In anticipation of the VMware view client shipping, Jason Langone migrated to a pure iPad solution. His assessment - the solution, while cool, is extremely limited for mobile today. VDI must be primarily about delivering applications and there continues to be data access issues. Users are asking about iPads, netbooks, smartphones, and have the expectation that they will be able to access data and apps anywhere, anytime. The industry thus far is not delivering on this vision, but it's clearly the direction of VDI.
The bottom line is that for VDI to break out of its niche, the industry must put forth and deliver on a vision of user-centric computing proving data and application access to mobile devices. We are clearly in the early stages of that vision with perhaps 2-4 years of innovation required to deliver.
User Advice
The panelists suggested users focus on 10 key areas:
- Plan, plan, plan!
- Understand user data and workloads.
- Understand end-users, their current experience, and how to replicate that.
- Understand access patterns and I/O requirements.
- Ensure you have the right network and storage infrastructure in place.
- Pilot small and make sure you can scale properly and make sure the end-user computing team is well-represented in the assessment process.
- Beware of virtual desktop sprawl - different classes of user will require different configurations.
- Understand these are not temporary solutions - plan for sustainability.
- Plan for operational readiness - e.g. how to manage and maintain; how to manage patches, etc.
- Make sure you have end user acceptance testing built into the project as a phase.

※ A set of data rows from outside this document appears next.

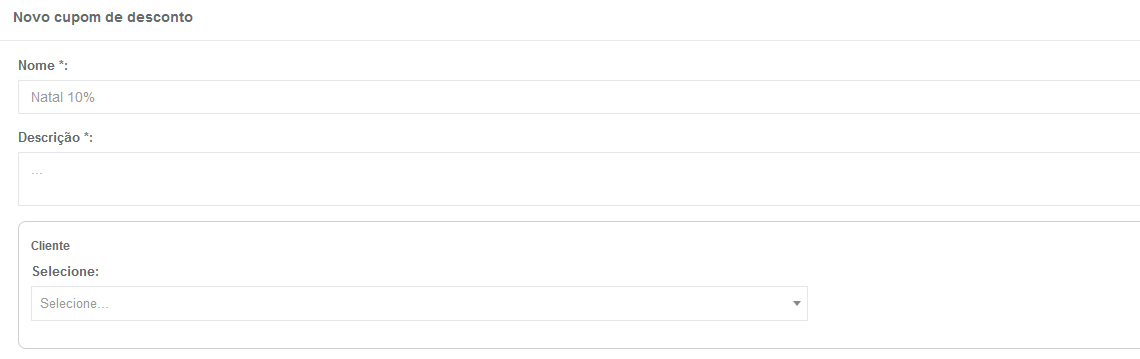 Após acessar a aba de criação do cupom, deverá selecionar um nome e descrição obrigatórios para seu cupom de desconto. Os campos que possuem asterisco ao lado são obrigatórios! Na imagem a seguir podemos ver também o campo "Cliente", se não for selecionado nenhum cliente o cupom valerá para todos, caso contrário tem a opção de habilitar para um cliente em específico.
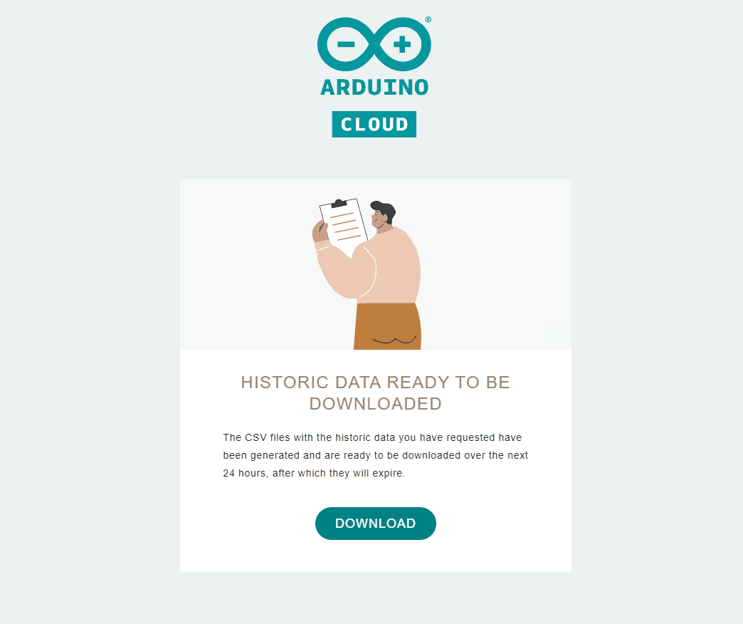 Arduino Cloud for Business allows any user to download historical data from Arduino Cloud Things and Variables. The data are downloaded in .csv format to be ready for further evaluation or manipulation.
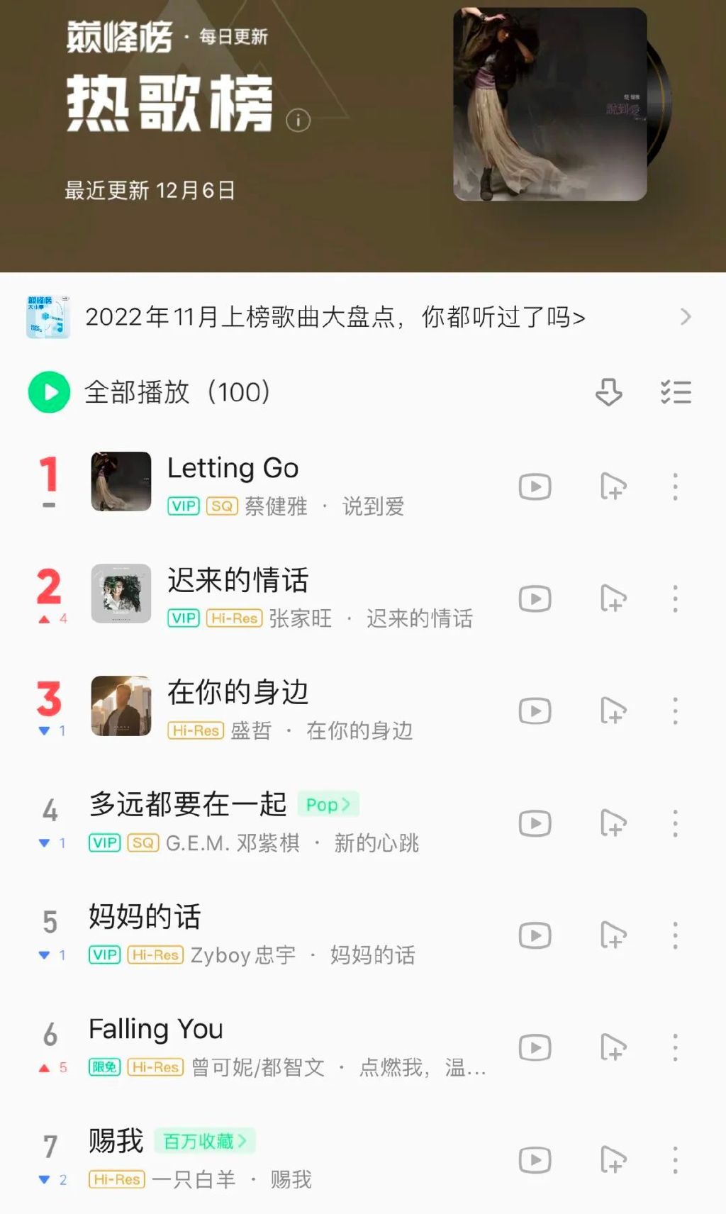 网易云和Q音的榜单同样怀旧。QQ音乐热歌榜前五名,只有一首《赐我》是2022年的新歌。《妈妈的线年的,《在你的身边》是2017年的,《多远都要在一起》是2015年的。TOP1则是蔡健雅发行于2011年的《Letting Go》。
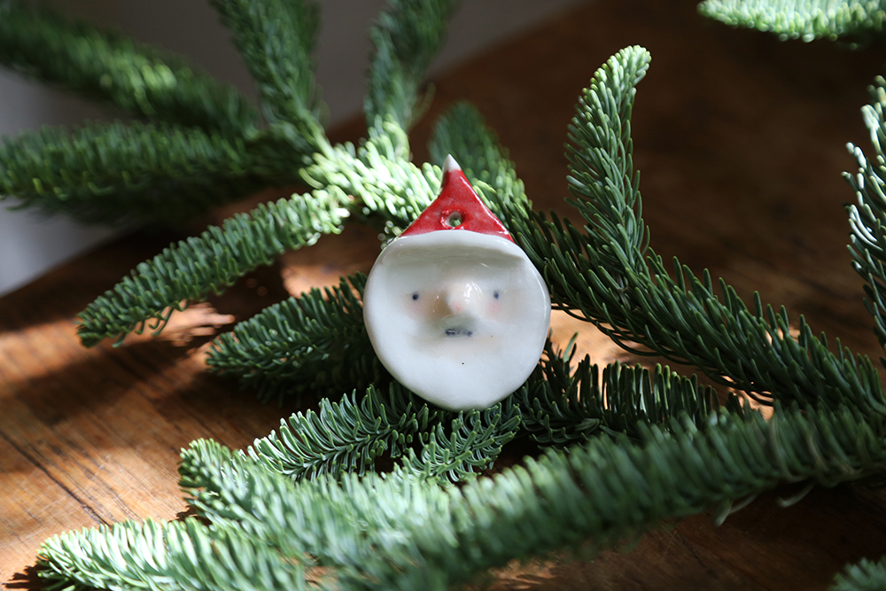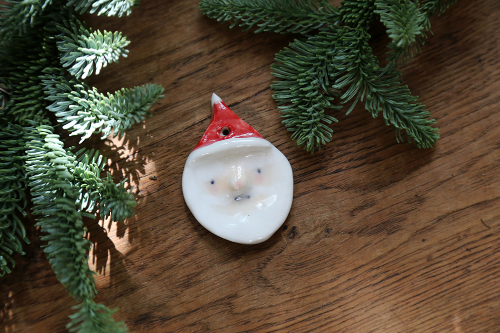 每隻聖誕老公公,都是陶土手捏上釉,因此每一個老公公個性表情都不同
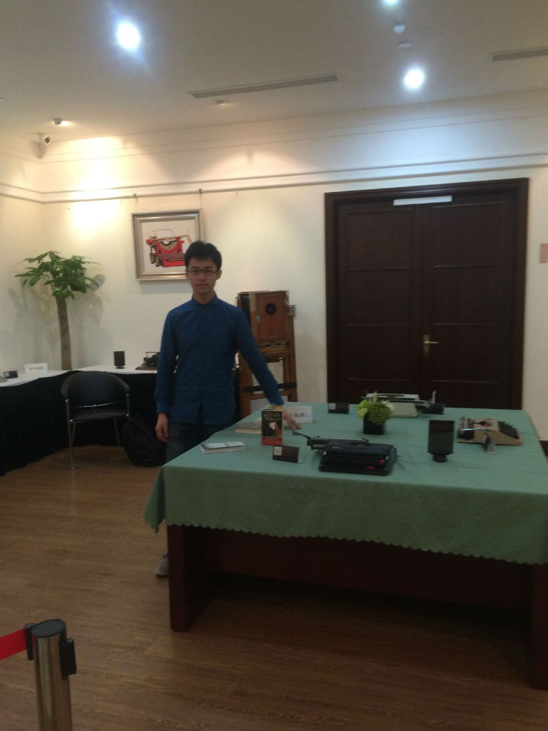 2015年4月26日,本人应新利18官方客服外国语学院联合古北市民文化中心开展的一系列志愿者活动,利用周末时间来到古北市民文化中心,担任打字机展览解说员。

Also, the advice is to set SLA expectations conservatively - meeting current service levels at a minimum but not promising to vastly exceed current experiences.
Action item: VDI implementations today are mainly tactical. While certain use cases are showing clear ROI, the vision of supporting myriad mobile devices and providing anytime, anywhere access to data and applications for all users is still years off. However gaining experience with desktop virtualization is critical to supporting next generation end-user computing environments and preparing for more transformative user experiences. VDI is becoming more stable and viable and 2011 is the year for users to ramp up expertise to learn how to leverage the concept for more strategic uses down the road.
CIO Action: Look for Tactical Payoffs with VDI
CIOs who have been reaping the rewards from server virtualization will be dismayed that desktop virtualization has a very different business case. VDI is compelling for niches inside organizations that have a large number of people doing the same task, such as call centers or hospitals. VDI can also be a method to improve security, which is especially useful for government deployments.
For other environments, the key problem for the CIO is how to meet the needs of various types of workers with a proliferation of access methods including mobile devices and tablets. Today, companies need to go through an extensive process of measuring the current environment, testing with a pilot program, adjusting the solution to meet the performance needs of the users, and repeating the process if a deployment is to be successful.
The pace of innovation on end-user devices is far outpacing the ability of VDI software to deliver infrastructure for devices. Current VDI deployments work best for local environments to a thin client, so the promise of providing a desktop image anywhere on any device is more of a vision than a reality.
For the short term; VDI can be deployed in a tactical way to wring out more costs for large scale local implementations of client devices, to provide flexibility to workers within a facility (such as with cube farm call centers and medical or health care workers), or to increase security.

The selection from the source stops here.